Data shown
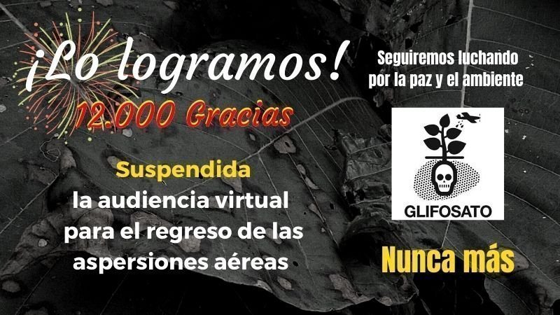 Este 26 de agosto, la Autoridad Nacional de Licencias Ambientales -ANLA-, suspendió la convocatoria a la audiencia virtual programada para el 1 de septiembre, como requisito para el regreso de las aspersiones con Glifosato. Sin duda, es un triunfo para el campesinado, el medio ambiente y la paz. Por ahora, no vuelve el Glifosato.
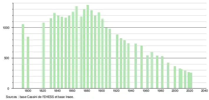 - Fiches Insee - Populations légales de la commune pour les années 2006, 2007, 2008, 2009, 2010, 2011, 2012, 2013, 2014, 2015, 2016, 2017, 2018, 2019, 2020 et 2021.
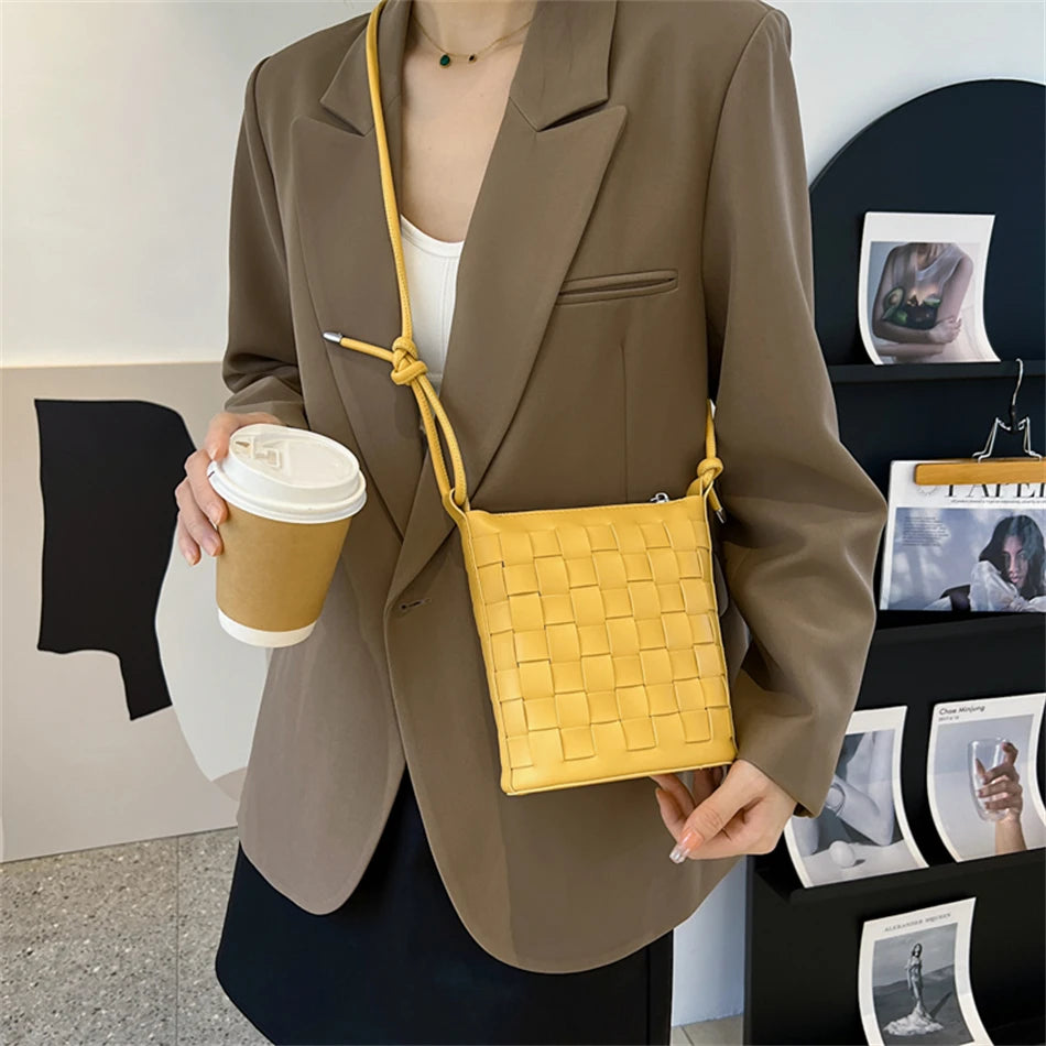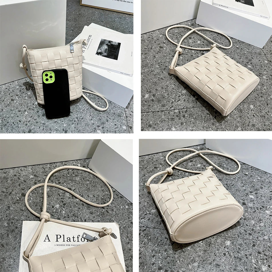 Stay stylish with this small bucket bag made of high-quality weave PU leather. Perfect for carrying your essentials on the go.
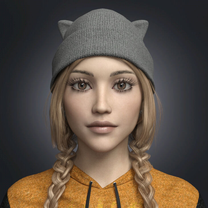 She features unique skin textures, head and body morphs, anatomical elements, and a full range of eye colors, makeup, and nail options.
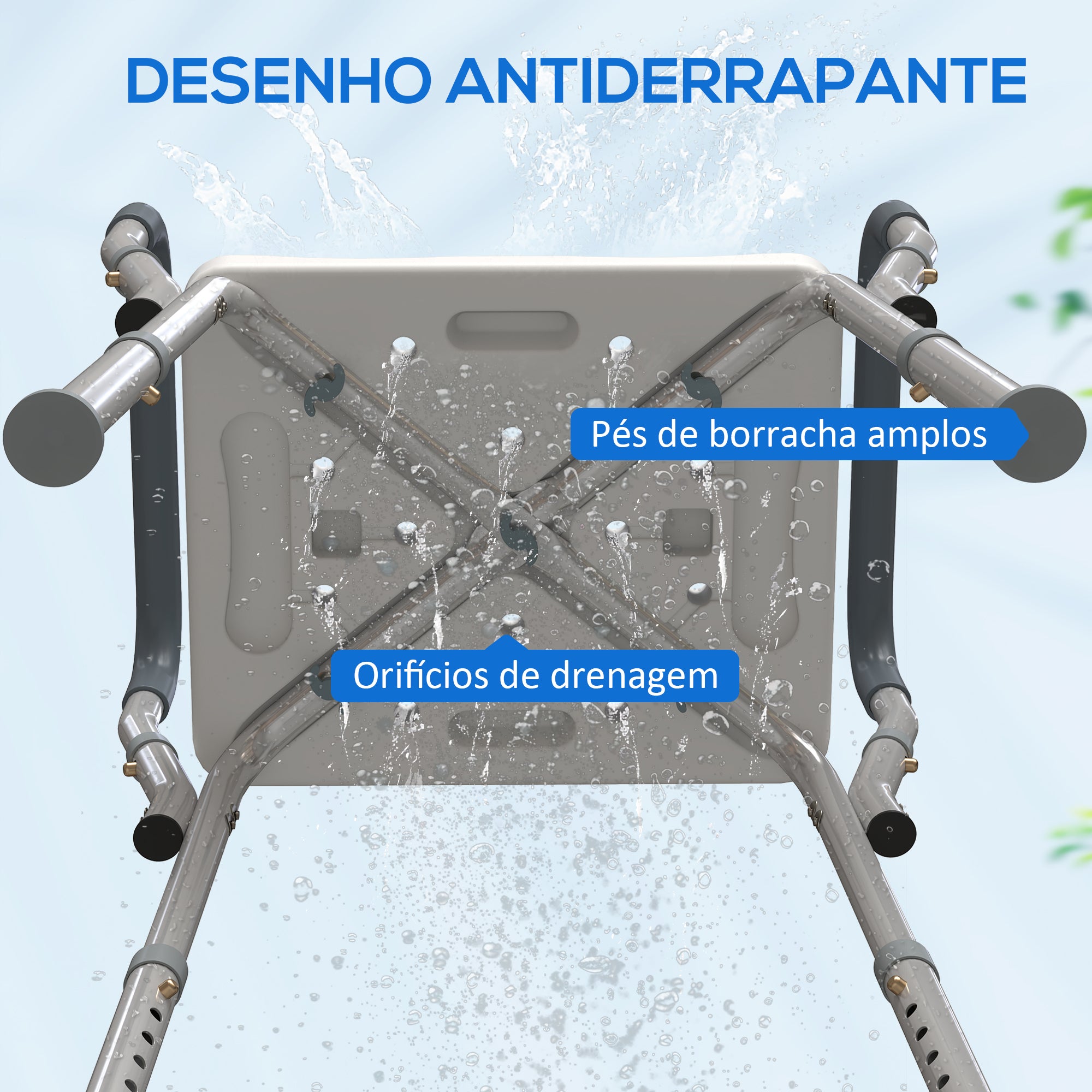Banco de Duche Cadeira de Duche para Pessoas Idosas com Altura Ajustável Cadeira de Duche de Alumínio Antiderrapante Carga 150 kg para Idosos e Descapacitados 52x45x57-69 cm Cinza
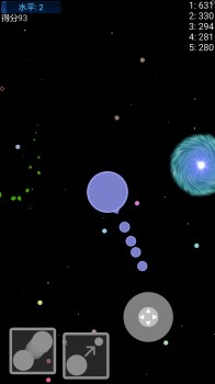 点击分裂按钮,可使星球沿当前移动方向一分为二。
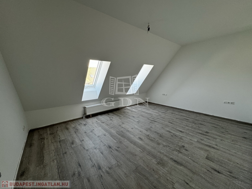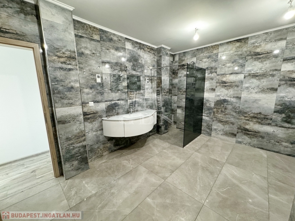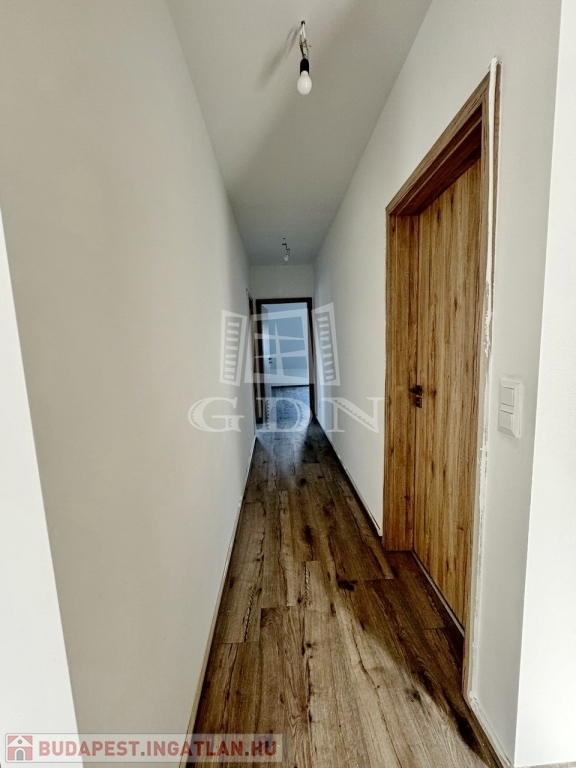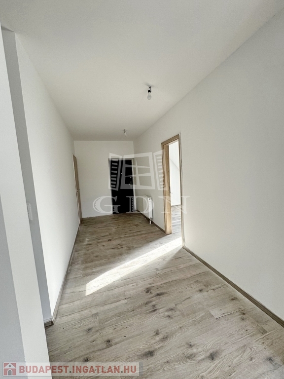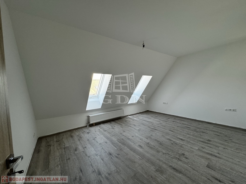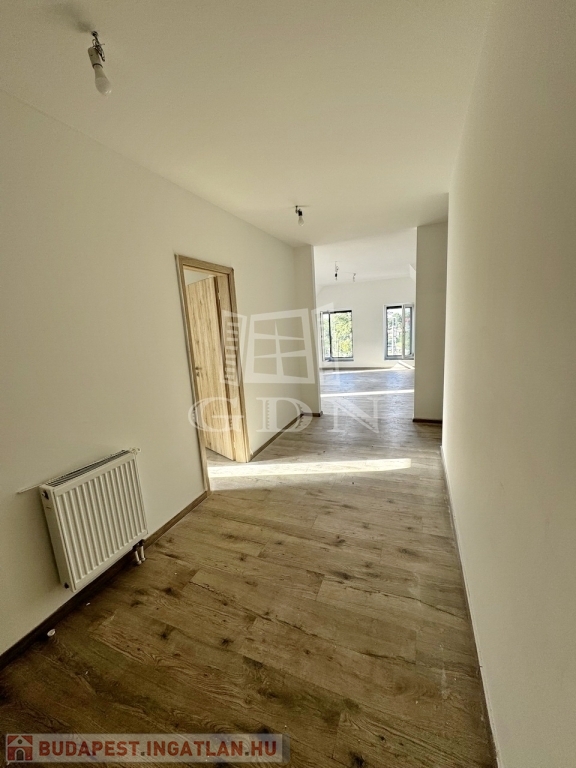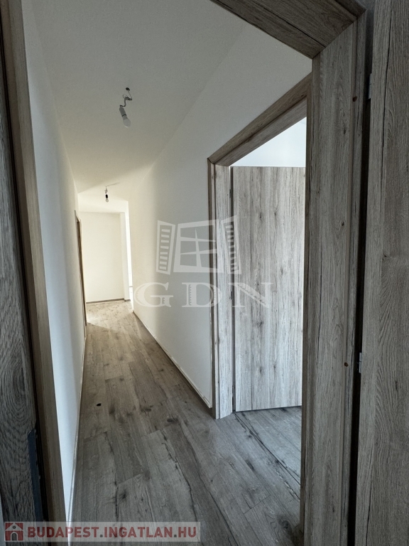 A 120 nm-es lakás egy újépítésű, háromszintes társasház 2. emeletén található, és új lakóját várja. Belépve tágas előtér fogad, innen nyílik a külön WC és az egyik hálószoba, szemben pedig a világos, amerikai konyhás nappali. A közlekedőből jobbra haladva érjük el a fürdőszobát és a további két hálószobát. A fürdőt járólap, a többi helyiséget parketta borítja.
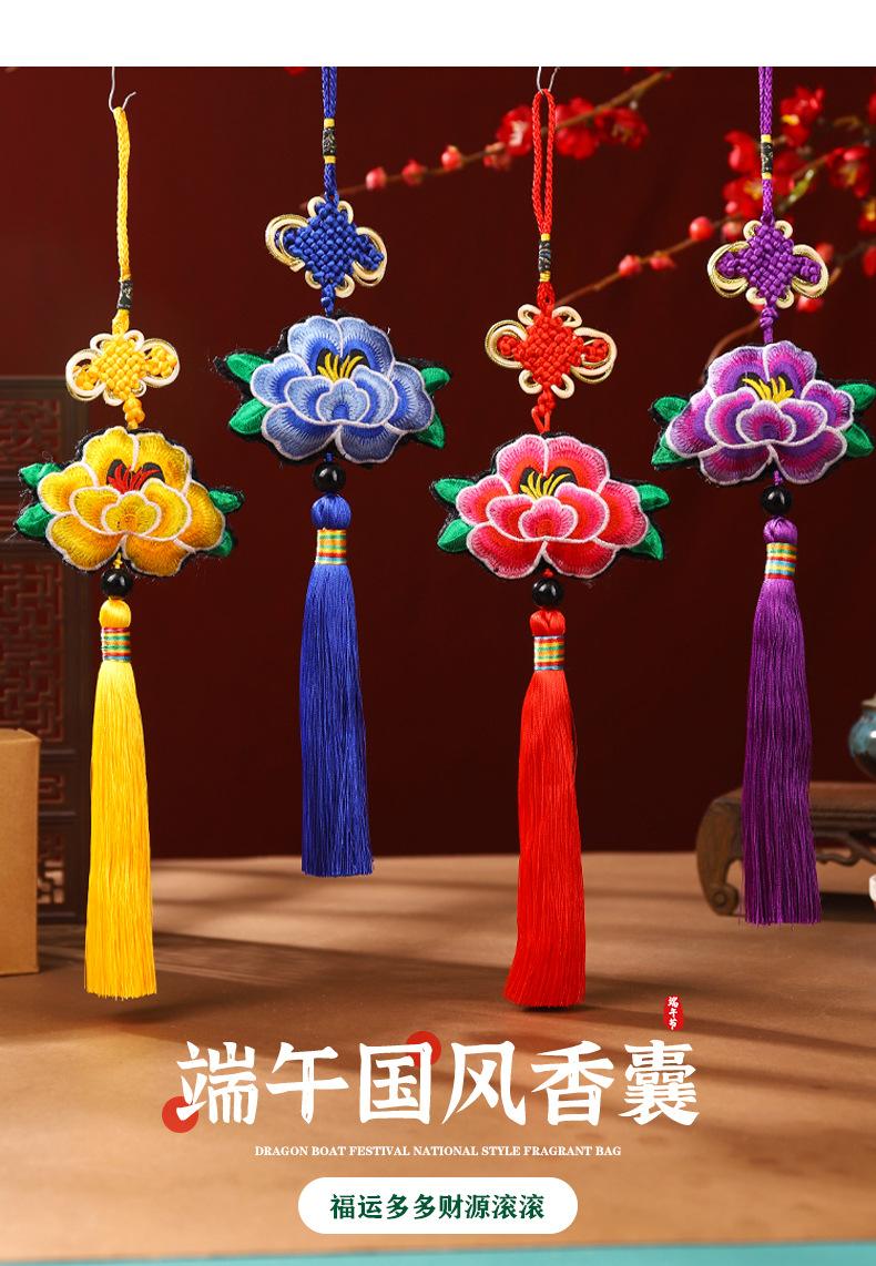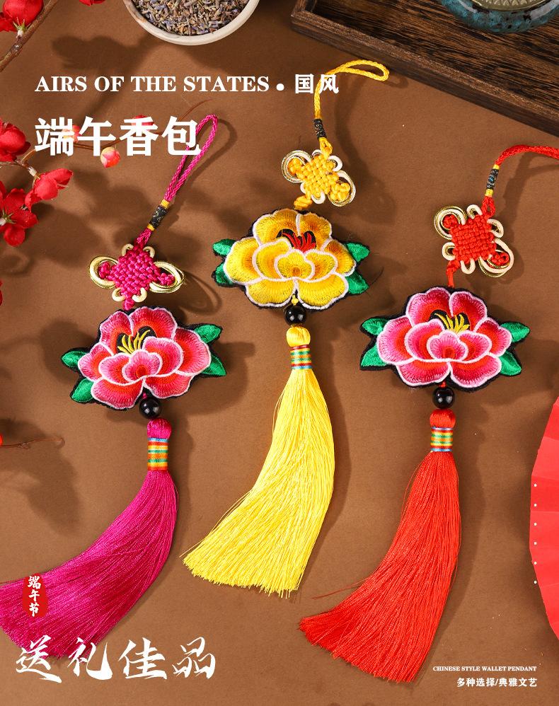 Bolsita de flores para el Festival del Bote del Dragón, colgante con borlas bordadas con nudo chino, adornos de bolsita de estilo antiguo, regalo para el Festival del Bote del Dragón
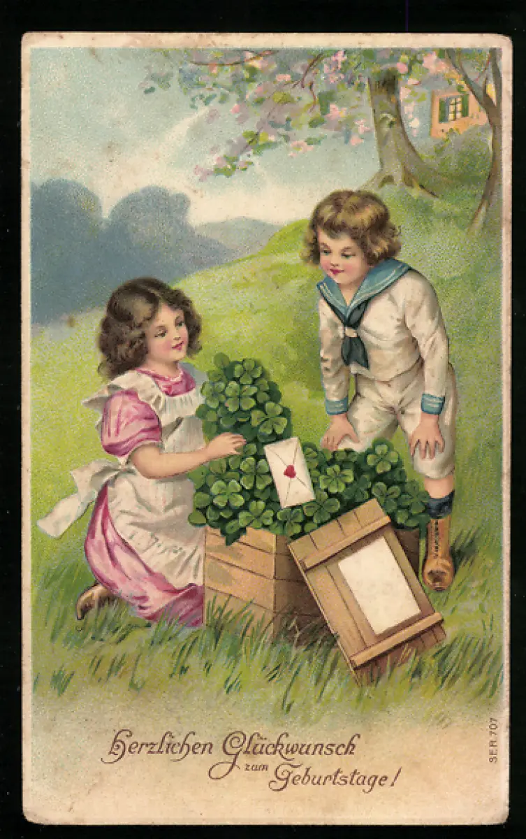 Künstler-AK Kinder mit Kleeblättern in der Kiste zum Geburtstag

Exercise prompt
Leave the pictures out and repeat exactly the lines from the beginning of the records to the line bearing "A 120 nm-es", both ends counted.

Task response
 Este 26 de agosto, la Autoridad Nacional de Licencias Ambientales -ANLA-, suspendió la convocatoria a la audiencia virtual programada para el 1 de septiembre, como requisito para el regreso de las aspersiones con Glifosato. Sin duda, es un triunfo para el campesinado, el medio ambiente y la paz. Por ahora, no vuelve el Glifosato.
 - Fiches Insee - Populations légales de la commune pour les années 2006, 2007, 2008, 2009, 2010, 2011, 2012, 2013, 2014, 2015, 2016, 2017, 2018, 2019, 2020 et 2021.
 Stay stylish with this small bucket bag made of high-quality weave PU leather. Perfect for carrying your essentials on the go.
 She features unique skin textures, head and body morphs, anatomical elements, and a full range of eye colors, makeup, and nail options.
Banco de Duche Cadeira de Duche para Pessoas Idosas com Altura Ajustável Cadeira de Duche de Alumínio Antiderrapante Carga 150 kg para Idosos e Descapacitados 52x45x57-69 cm Cinza
 点击分裂按钮,可使星球沿当前移动方向一分为二。
 A 120 nm-es lakás egy újépítésű, háromszintes társasház 2. emeletén található, és új lakóját várja. Belépve tágas előtér fogad, innen nyílik a külön WC és az egyik hálószoba, szemben pedig a világos, amerikai konyhás nappali. A közlekedőből jobbra haladva érjük el a fürdőszobát és a további két hálószobát. A fürdőt járólap, a többi helyiséget parketta borítja.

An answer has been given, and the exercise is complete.